Keir Starmer sighed. The shadow Brexit secretary had hoped that Raab might prove to be a bit brighter than the dim David Davis, but there was clearly something about the nature of the job that reduced every incumbent to the lowest common denominator of stupidity. Still, Starmer was willing to do his job even if Raab wasn’t up to doing his, so he read out the same checklist of questions that he always asked on these occasions. Questions he knew weren’t going to be answered.
Was Raab aware that time was running out to get a deal? In July he had said he would have the outline of a deal by October. Now he was suggesting it would come in November at the earliest.
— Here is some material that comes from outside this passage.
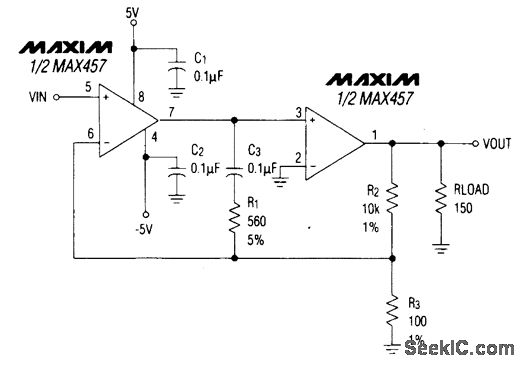 You can build a composite amplifier featuring high gain, wide bandwidth, and good dc accuracy by cascading the sections of a dual video amplifier and adding two appropriate phase-compensation components. The op amp drives a 150-Ω load and provides a closed-loop gain of 40 dB.

When was he going to get round to dealing with Northern Ireland? And was he aware that saying a no-deal wouldn’t be the end of the world wasn’t the most inspiring rhetoric?
The Brexit secretary bristled. He doesn’t like having his obvious shortcomings pointed out so forensically. He was doing better than Labour would have, he snapped. Hard to refute, but equally hard to believe.
There was one upside for Raab. As everyone knows that it is now the prime minister who is calling the shots and the Brexit secretary has less authority than the four pot plants, none of the big-name Tories such as Boris Johnson, Iain Duncan Smith, Jacob Rees-Mogg, Ken Clarke and Anna Soubry, bothered to turn up to give him a hard time. The worst of the friendly fire was the deranged Owen Paterson insisting that Northern Ireland could easily be sorted out with technology that hadn’t been invented yet. Someone call a doctor.
So it was left to Labour’s Hilary Benn, Yvette Cooper and Chuka Umunna to deliver a few home truths. The Chequers deal was dead in the water. Barnier said so. The Tory right said so. And Labour said so. So wouldn’t the government be better off coming up with a new plan and working out what it was going to do if it couldn’t get any deal through parliament.
“Ssssh,” whispered Raab. This was the kind of careless talk that could cost lives if the EU got wind of it. At this point some MPs began to wonder if Raab actually had been born yesterday.